WHAT IS BEING ASKED: Skip the pictures. Set down, word for word, the lines from the start of the material up to and including the line with "最大聲壓122dB,功率600w @ 8 ohms".

----- EXERCISE DATA -----

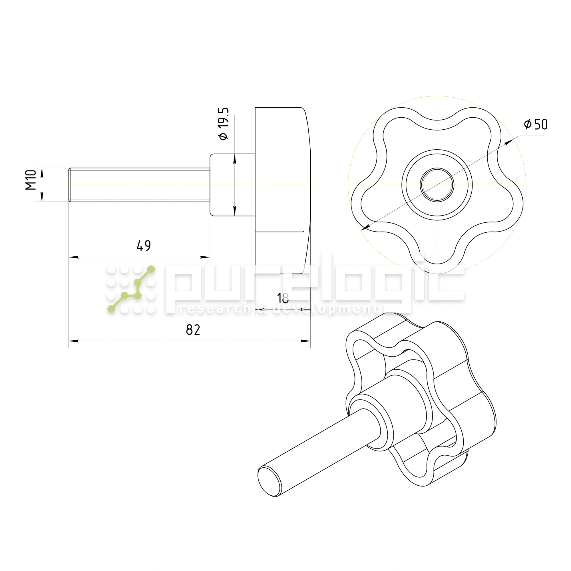Ручка пятилепестковая 100208-50*M10*50
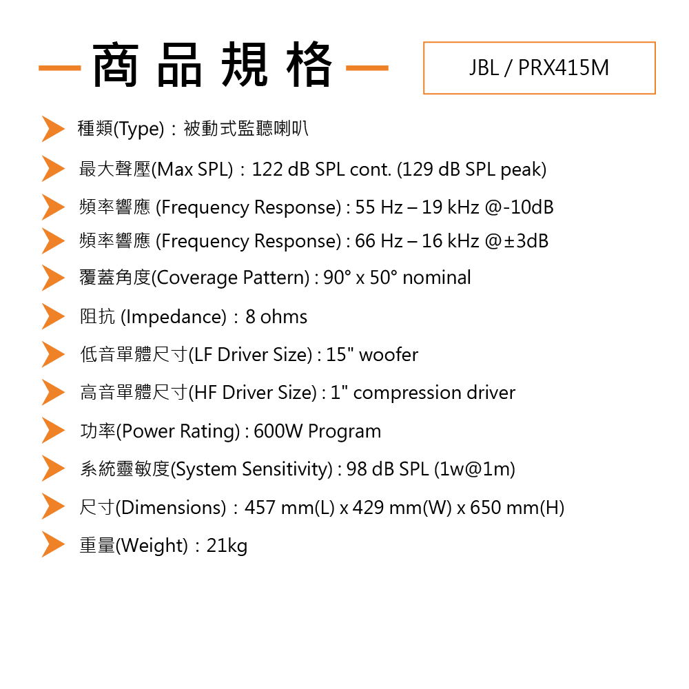 ◆ 最大聲壓122dB,功率600w @ 8 ohms
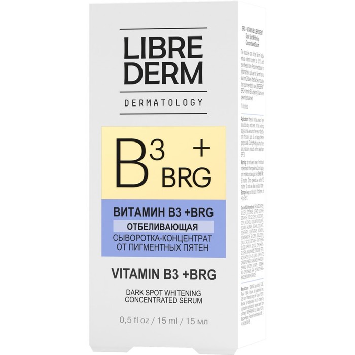 Осветлите и выровняйте тон кожи с помощью интенсивной сыворотки-концентрата Librederm Dermatology с витамином B3 (ниацинамидом). Средство целенаправленно борется с пигментными пятнами, следами постакне и тусклостью, помогая коже вернуть естественное сияние и гладкость. Лёгкая текстура быстро впитывается, не оставляя липкости, а активные компоненты работают на клеточном уровне, предотвращая появление новых участков пигментации.
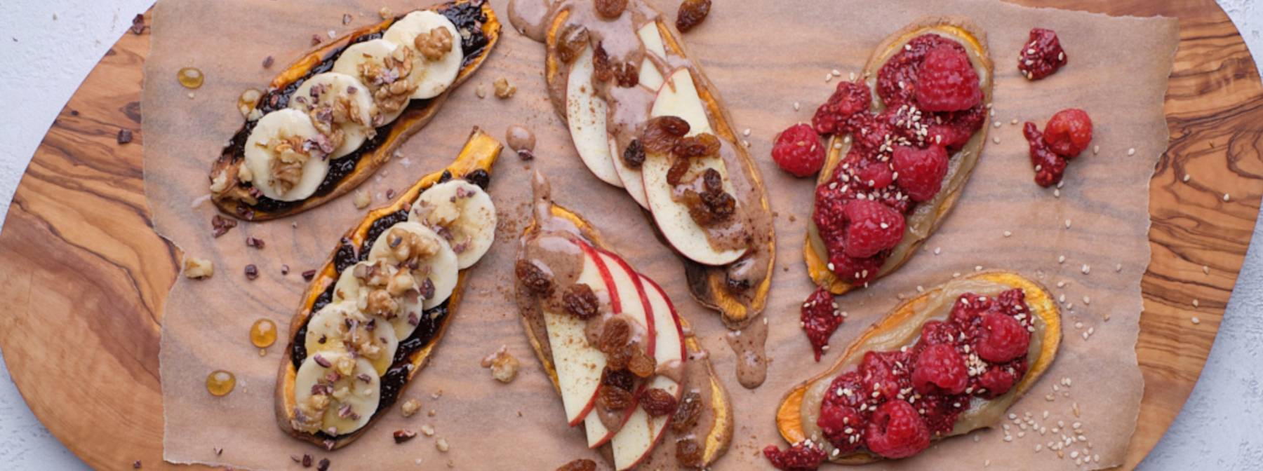Mache dich also bereit für diese knusprigen Süßkartoffel-Toast, belegt mit Äpfeln sowie Bananen - und drapiert mit köstlicher Mandelbutter.

-----

OUTPUT BELOW:
Ручка пятилепестковая 100208-50*M10*50
 ◆ 最大聲壓122dB,功率600w @ 8 ohms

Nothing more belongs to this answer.